Records:

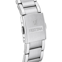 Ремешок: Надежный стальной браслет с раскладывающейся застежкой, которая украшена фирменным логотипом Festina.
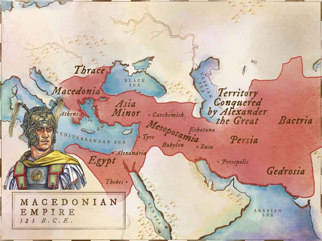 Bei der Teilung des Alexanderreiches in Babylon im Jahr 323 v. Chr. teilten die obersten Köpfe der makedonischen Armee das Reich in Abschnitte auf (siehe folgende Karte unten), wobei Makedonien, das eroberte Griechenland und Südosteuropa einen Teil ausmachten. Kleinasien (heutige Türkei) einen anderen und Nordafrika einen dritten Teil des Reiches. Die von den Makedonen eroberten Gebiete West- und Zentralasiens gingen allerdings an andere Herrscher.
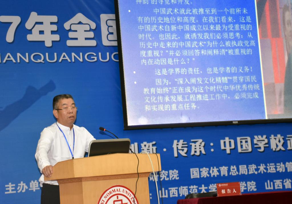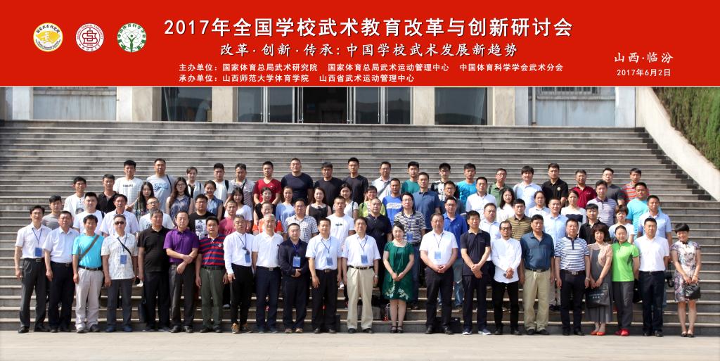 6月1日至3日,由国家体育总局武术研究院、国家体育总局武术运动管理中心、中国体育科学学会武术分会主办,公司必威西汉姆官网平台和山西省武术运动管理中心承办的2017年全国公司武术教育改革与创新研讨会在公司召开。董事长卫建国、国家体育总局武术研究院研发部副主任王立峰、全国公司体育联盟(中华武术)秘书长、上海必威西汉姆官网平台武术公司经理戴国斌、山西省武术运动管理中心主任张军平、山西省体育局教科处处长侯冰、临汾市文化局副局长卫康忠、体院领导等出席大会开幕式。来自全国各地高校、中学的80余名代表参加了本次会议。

* * *

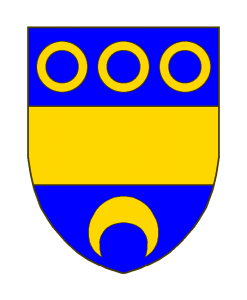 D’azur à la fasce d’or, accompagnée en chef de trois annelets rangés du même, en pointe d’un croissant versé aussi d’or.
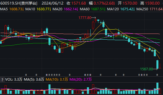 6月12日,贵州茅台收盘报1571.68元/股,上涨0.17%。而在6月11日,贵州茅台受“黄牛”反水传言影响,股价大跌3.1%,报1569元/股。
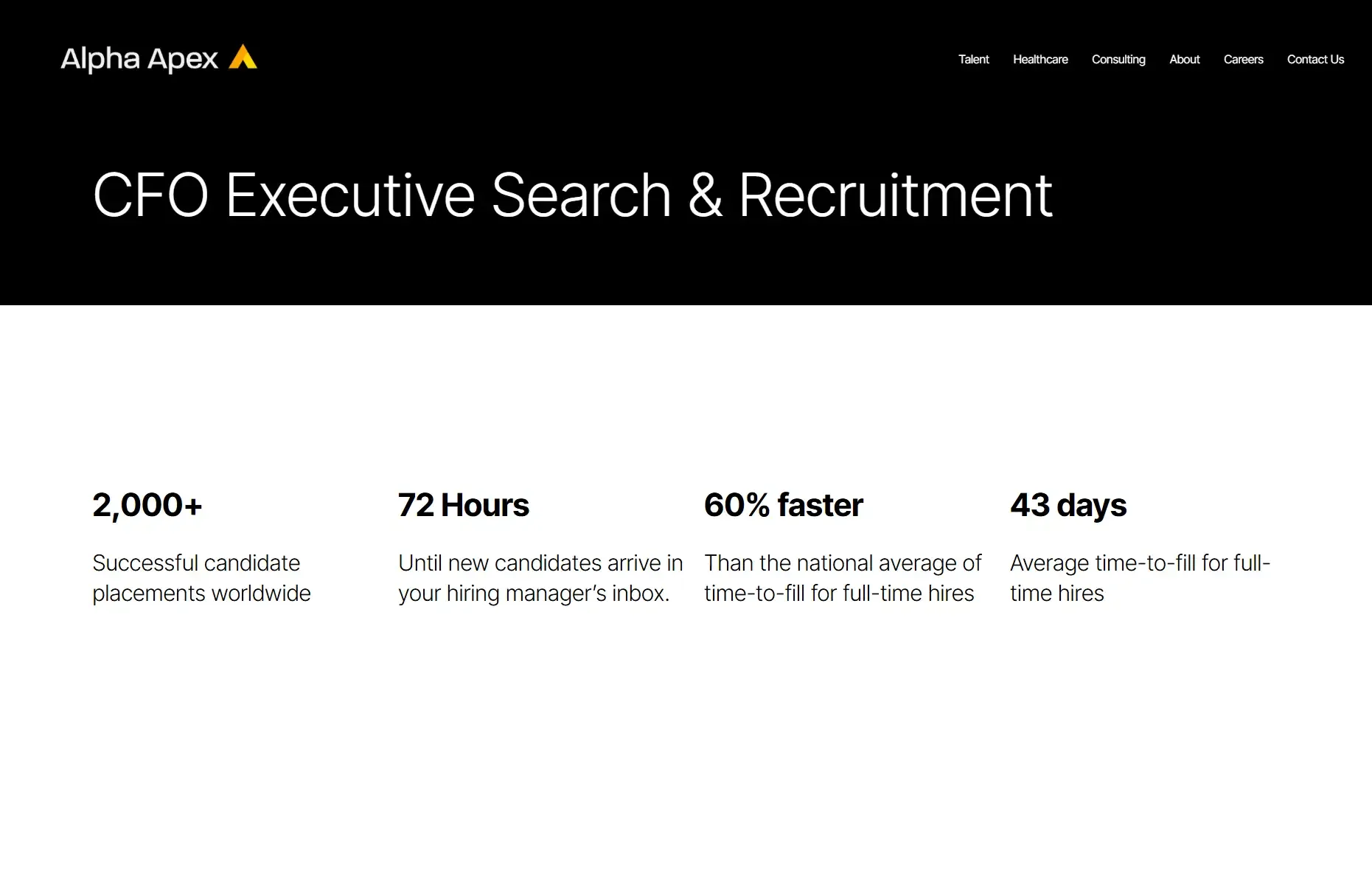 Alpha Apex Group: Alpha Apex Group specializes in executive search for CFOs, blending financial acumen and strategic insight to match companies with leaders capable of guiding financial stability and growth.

---

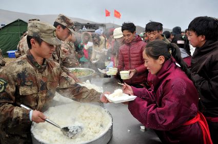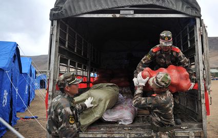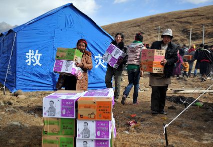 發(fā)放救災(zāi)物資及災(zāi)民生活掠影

Instructions to follow:
Take the lines above starting at the one containing "D’azur à la" and ending at the one containing "Alpha Apex Group: Alpha", and print them again exactly, without pictures.

Answer for the task:
 D’azur à la fasce d’or, accompagnée en chef de trois annelets rangés du même, en pointe d’un croissant versé aussi d’or.
 6月12日,贵州茅台收盘报1571.68元/股,上涨0.17%。而在6月11日,贵州茅台受“黄牛”反水传言影响,股价大跌3.1%,报1569元/股。
 Alpha Apex Group: Alpha Apex Group specializes in executive search for CFOs, blending financial acumen and strategic insight to match companies with leaders capable of guiding financial stability and growth.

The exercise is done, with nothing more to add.